Closing Party is produced by Whooshing Machine, the third in the Memory Trilogy of shows created by Alessandro Bernardeschi and Mauro Paccagnella which included the Total Theatre Award-winning Happy Hour, and it is performed by Alessandro Bernardeschi and Carlotta Sagna (with one surprise extra performer).It is a colourful smorgasbord of a show, a constantly shifting landscape of bodies, objects, and moving or still screen images. A feast for the eyes, and a feast for the soul.

Finally, it’s back to Summerhall for another early morning show – this time, the family-friendly A Very Old Man With Enormous Wings, directed by Irish theatre-maker Dan Colley, and winner of Best Design at Dublin Fringe Festival 2019. 

Two performers, one man and one woman, in a theatricalised version of storyteller mode. An old kitchen table, used – yes! – for tabletop puppetry. A screen at the rear of the stage made of vertically cut ribbons of material. A microphone and a looping machine. And a cabinet of curiosities, featuring tiny dolls and bottles and little figures made from paper-cuts and matchboxes and pipe-cleaners and corks. 

The Gabriel Garcia Marquez’ short story with ‘no lesson to learn, so don’t you be looking for one’ is told here with feisty good humour and a more-than-able array of theatre skills. And it’s a theatre piece that reminds us constantly that this is a construct: the two constantly nudge each other, finish sentences, and tell each other what comes next, and how it should be played. 

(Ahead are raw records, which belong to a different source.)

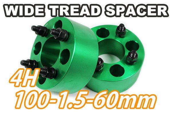 - MR2 AW10 AW11 ワイトレ 4H 2枚組 PCD100-1.5 60mm ワイドトレッドスペーサー (緑)
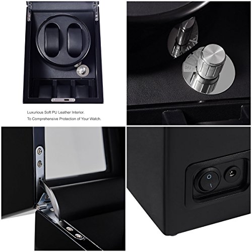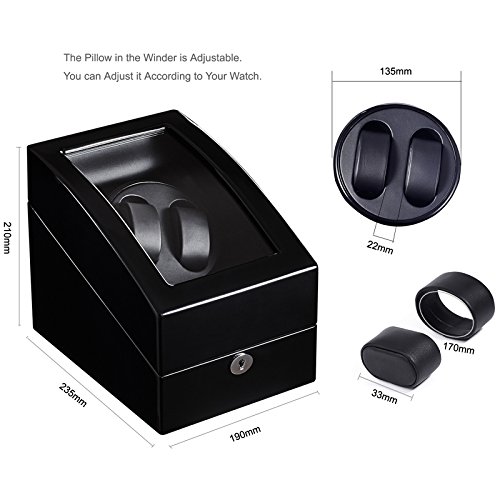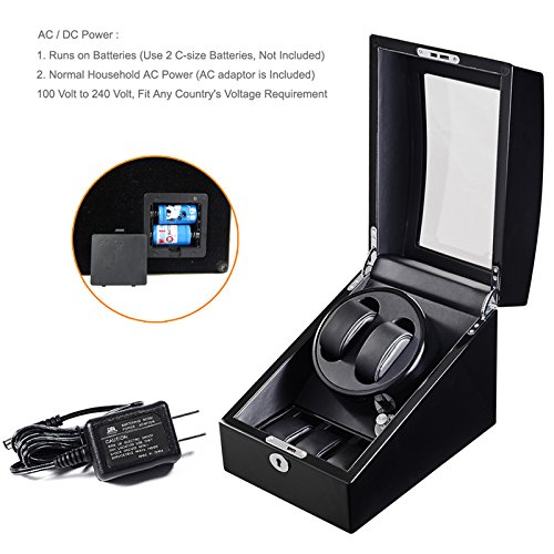 -. Feature : Powered with Japanese super slient motor no running noise. Nice looking, easy to operate. / 100% handmade and good value. The use of acrylic glass, environmental protection piano lacquer and transmission using copper fittings. 5 turntables with PU soft watch pilow, smooth, atmosphere and quality with high-grade. / Watch winder motor have 3 direction settings (clockwise, counter-clockwise and alternating) and multiple Turns Per Day settings. / Four Program Settings: Mode 1 : 2mins CW, rest for 6mins, repeat. Mode 2 : 2 mins CCW, rest for 6 mins, repeat. Mode 3 : 2 mins CW, rest for 6 mins, then 2 mins CCW, rest for 6 mins, repeat. Mode 4 : 5 mins CW, 5 mins CCW, repeat above for 3 hours, rest for 9 hours, repeat. / Dual power supply more reasonable. Powered by 100-240v AC Adapter(included) or 2X 1.5V Battery (not included). Dimensions: 19 * 23.5 * 21 CM.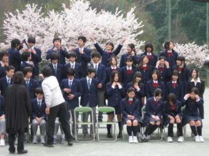 H22.4.9(金) 3年生クラス集合写真撮影風景2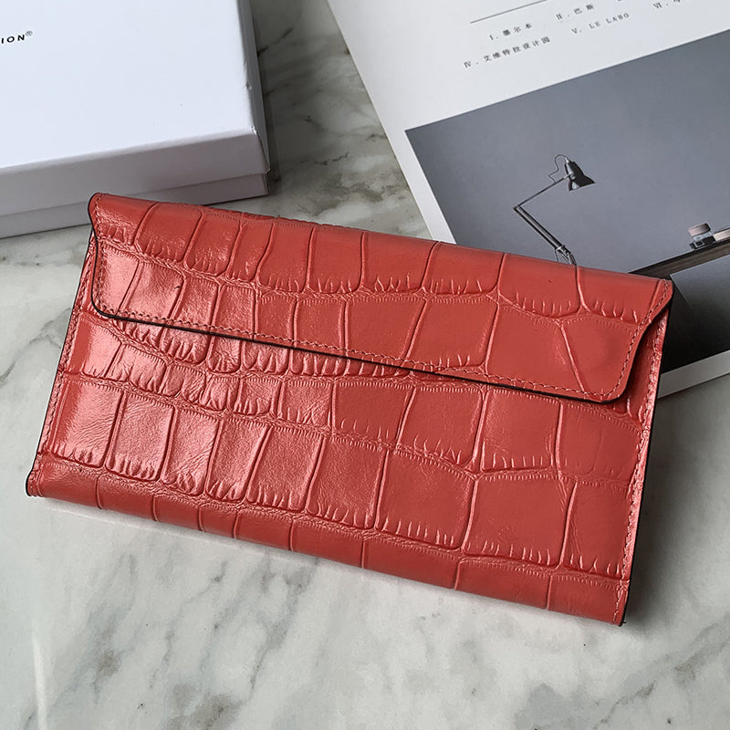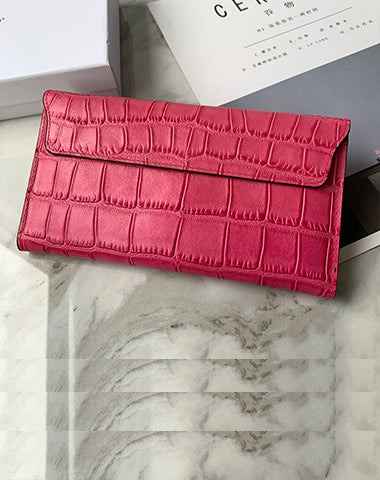Design: Cute Women Black Vegan Leather Long Wallet Crocodile Pattern Card Holder Clutch Wallet For Women

Here’s the basic story: one night – after the endless rain has stopped, the crabs have gone back to the sea, and the baby has finally got over his fever – a young couple called Pelayo and Elisenda come across a fallen angel, the eponymous Very Old Man With Enormous Wings, who they put temporarily in their chicken coop, although this decision gets extended as their worry for his well-being turns to downright exploitation as they start charging visitors to gawp and selling mementoes…

All this is told very well by our two performers (Karen McCartney and Manus Halligan) who riff off of each other as they adopt childish personas (that never turn to parody) of the bossy and bragging one, and the shy one who tries hard to please her. Verbal storytelling is enhanced by classic ‘poor theatre’ techniques (a rolled-up jumper becomes the baby), combined with simple puppeteering, the tiny figures on the table growing large onscreen through the use of live-feed video camera. Foley sound effects are looped to give us wind and rain. There are songs, too (from her) and some good word-free acting and object manipulation (from him). Having scattered feathers around the little figure on the table, he then turns the camera on himself and becomes a worryingly anguished old man locked in with the chickens and left to fester.

It’s hard not to be reminded of the classic Kneehigh/Little Angel Theatre puppetry/physical theatre version of A Very Old Man With Enormous Wings  – but this more recent take holds its own very nicely. Great to see work made for young people of such high quality.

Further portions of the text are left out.